"Miałam brutalnie zdzierane z siebie części garderoby". Babcia Kasia opisuje swój pobyt na komisariacie
Od środy trwają protesty po publikacji decyzji "Trybunału Konstytucyjnego" ws. aborcji. Jej skutkiem jest zakaz przerywania ciąży ze względu na ciężkie i nieodwracalne wady płodu - co w praktyce oznacza niemal całkowity zakaz aborcji w Polsce.
W czwartek policja zatrzymała kilkunastu protestujących. Wśród nich była znana warszawska aktywistka Katarzyna Augustynek czyli Babcia Kasia. Jeden z policjantów twierdził, że kobieta uderzyła go w plecy. Babcia Kasia zaprzecza, utrzymuje, że dotknęła jedynie bluzy policjanta.
W TOK FM Katarzyna Augustynek opowiedziała jak została potraktowana przez funkcjonariuszki po tym jak przewieziono ją na komisariat w Pruszkowie.
- Kazano mi się rozebrać. Powiedziałam, że ja tego nigdy nie robię, tym bardziej w sytuacji, gdy nie powinnam się w ogóle znaleźć na komisariacie. Wobec tego zaczęło się rozbieranie mnie, w pewnym momencie bardzo brutalne - mówiła.
Według relacji Babci Kasi, rozbierały ją dwie policjantki, które "siadały na niej i ją szarpały". - Znalazłam się na ziemi, zdzierano ze mnie części garderoby spod spódnicy, miałam wyginane palce, naciskano na mój mostek i grdykę - wyliczała.
- Starałam się położyć głowę na boku, żeby nie dotykać ustami tej obrzydliwej, od wieków chyba niemytej podłogi.
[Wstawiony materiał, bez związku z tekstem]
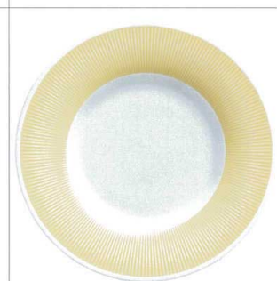
ル406-47-2 サンジェルマンイエロー 27cmプレート (φ27×3cm) ¥2,800 2205406047 ル406-48-2 サンジェルマンイエロー 25.5cmプレート (φ25.6×2.7cm) ¥2,200 2205406048

Kiedy ściągnięto ze mnie już buty, skarpetki, rajstopy i majtki do połowy, kątem oka zauważyłam, że dwóch policjantów stoi w drzwiach i przygląda się temu - ciągnęła Katarzyna Augustynek.
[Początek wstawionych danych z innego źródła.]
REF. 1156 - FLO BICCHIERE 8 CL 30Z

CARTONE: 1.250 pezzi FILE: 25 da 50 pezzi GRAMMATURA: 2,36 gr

Jak mówiła kobieta, z Pruszkowa przewieziono ją do komisariatu w Piastowie. - Tam czekały mnie poniżenia w zupełnie innym stylu - werbalne, ale nie tylko. Byłam zupełnie niepotrzebnie szarpana, zwłaszcza przy przeniesieniu z jednej celi do drugiej. Musiałam się dopominać o dostęp do moich własnych leków i wody. Byłam przemarznięta, bo druga cela była lodowata, a ja nie miałam tam nawet kurtki czy koca - mówiła aktywistka.
Dodała również, że jeden z policjantów, którzy zatrzymali ją w czasie protestu, straszył ją pozwem cywilnym za pobrudzenie nogawki jego spodni.
Katarzyna Augustynek zapowiedziała, że pomimo tego co ja spotkało nie zamierza rezygnować z udziału w protestach. - Mnie nie zastraszą w ten sposób. Sprawa jest zbyt ważna, musimy być na ulicy i walczyć - oświadczyła.
Policjanci odnieśli się do sprawy na Twitterze. Na zarzut jednego z aktywistów, że brutalnie potraktowali Katarzynę Augustynek, funkcjonariusze napisali: "W słowo napisane na Twitterze każdy może uwierzyć, nawet jak to totalne kłamstwo. Niech Pan złoży zawiadomienie o podejrzeniu popełnienia przestępstwa, jeżeli był Pan świadkiem naruszenia prawa i potwierdzi to w zeznaniach uprzedzony o odpowiedzialności karnej za zeznanie nieprawdy".
-
Gdzie jest Adrian Klarenbach? Nieoficjalnie: Gwiazdor TVP zawieszony. Poszło o posła Zjednoczonej Prawicy
-
Koniec protestu osób z niepełnosprawnościami. Posłanka Hartwich przekazała, kiedy opuszczą Sejm
-
PiS plus Konfederacja równa się kolejny rząd? "Ona będzie Solidarną Polską do kwadratu"
-
Polski ambasador mówi o wejściu Polski w konflikt z Rosją. Schnepf: To jest jak dymisja
-
Min. Moskwa chce zabierać paszporty krytykom PiS-u. "Putin też by chciał, żeby Nawalny wyjechał"
- "Babciowe". Donald Tusk obiecuje nowe świadczenie. "Nikt na tym nie traci"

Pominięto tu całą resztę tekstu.